Problem description> Exactly the lines from the one containing "Zvířátko v autíčku." through the one containing "Found these two" in the listing below are to be copied, with the pictures left out.

Records provided>
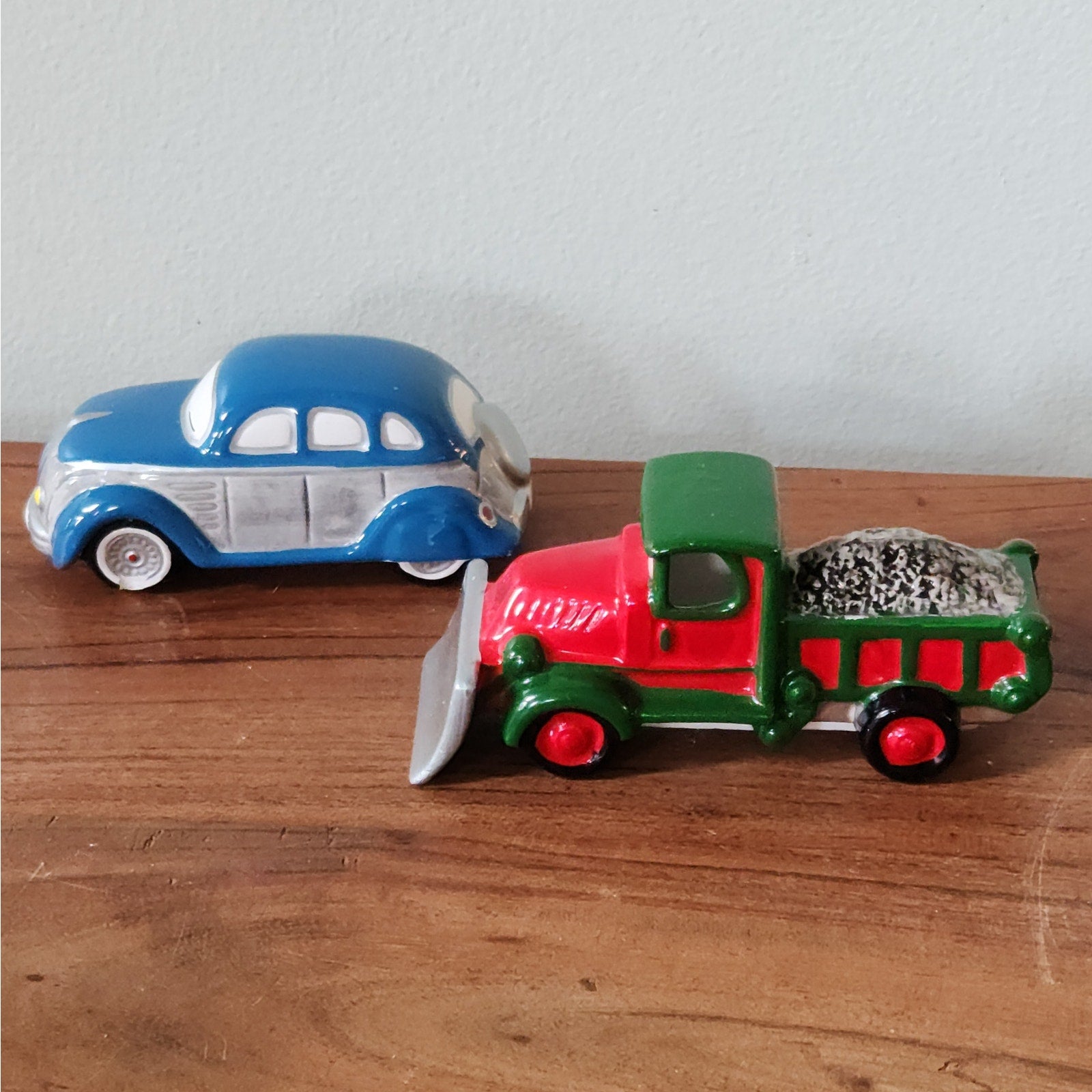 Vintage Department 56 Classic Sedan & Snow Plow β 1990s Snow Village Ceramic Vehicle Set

...

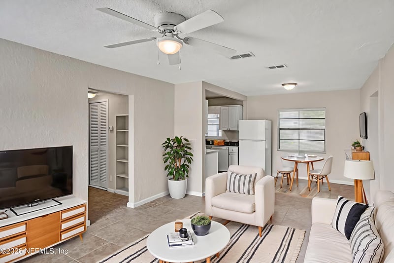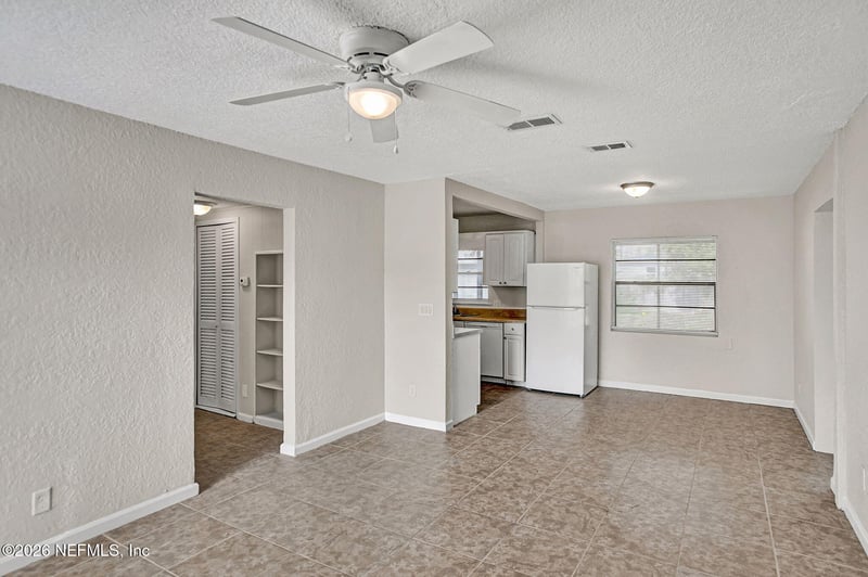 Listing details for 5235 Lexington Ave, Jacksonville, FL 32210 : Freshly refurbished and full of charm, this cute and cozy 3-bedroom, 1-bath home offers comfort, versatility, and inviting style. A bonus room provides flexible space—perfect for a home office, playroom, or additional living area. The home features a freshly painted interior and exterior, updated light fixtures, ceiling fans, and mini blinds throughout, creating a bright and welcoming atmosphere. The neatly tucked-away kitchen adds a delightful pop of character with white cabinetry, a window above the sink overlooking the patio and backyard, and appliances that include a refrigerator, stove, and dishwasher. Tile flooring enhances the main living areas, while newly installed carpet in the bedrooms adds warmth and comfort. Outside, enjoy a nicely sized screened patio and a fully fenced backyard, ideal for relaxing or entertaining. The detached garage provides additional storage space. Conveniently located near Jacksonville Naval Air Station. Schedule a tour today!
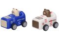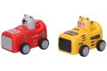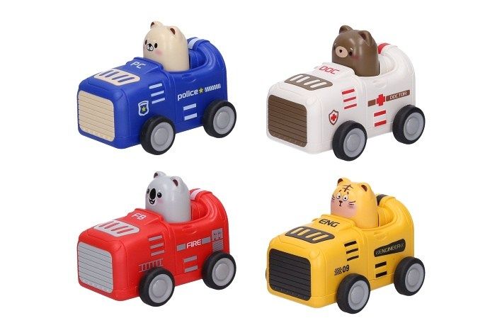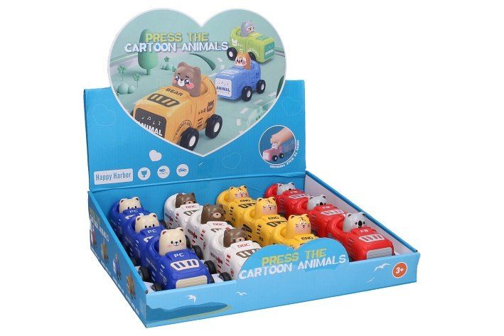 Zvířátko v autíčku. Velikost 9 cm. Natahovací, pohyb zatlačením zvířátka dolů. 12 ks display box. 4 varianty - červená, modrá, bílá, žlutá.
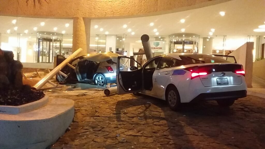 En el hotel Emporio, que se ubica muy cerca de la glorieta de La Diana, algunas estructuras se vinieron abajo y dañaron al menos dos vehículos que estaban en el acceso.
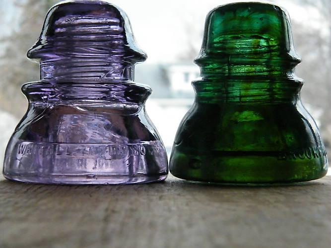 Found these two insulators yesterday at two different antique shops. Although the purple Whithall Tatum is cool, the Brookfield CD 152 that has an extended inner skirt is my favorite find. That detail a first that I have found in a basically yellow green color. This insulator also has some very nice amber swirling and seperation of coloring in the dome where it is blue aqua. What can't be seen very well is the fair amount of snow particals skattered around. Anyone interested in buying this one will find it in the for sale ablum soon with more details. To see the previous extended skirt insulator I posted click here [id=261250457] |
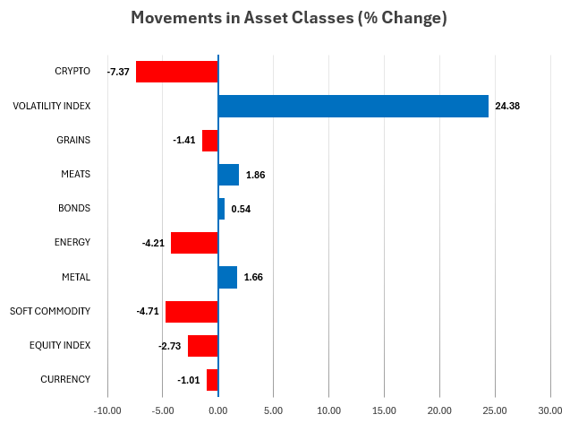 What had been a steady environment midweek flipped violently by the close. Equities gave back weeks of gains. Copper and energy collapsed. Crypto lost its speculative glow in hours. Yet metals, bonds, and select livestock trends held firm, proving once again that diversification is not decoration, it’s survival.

Exercise result>
 Zvířátko v autíčku. Velikost 9 cm. Natahovací, pohyb zatlačením zvířátka dolů. 12 ks display box. 4 varianty - červená, modrá, bílá, žlutá.
 En el hotel Emporio, que se ubica muy cerca de la glorieta de La Diana, algunas estructuras se vinieron abajo y dañaron al menos dos vehículos que estaban en el acceso.
 Found these two insulators yesterday at two different antique shops. Although the purple Whithall Tatum is cool, the Brookfield CD 152 that has an extended inner skirt is my favorite find. That detail a first that I have found in a basically yellow green color. This insulator also has some very nice amber swirling and seperation of coloring in the dome where it is blue aqua. What can't be seen very well is the fair amount of snow particals skattered around. Anyone interested in buying this one will find it in the for sale ablum soon with more details. To see the previous extended skirt insulator I posted click here [id=261250457] |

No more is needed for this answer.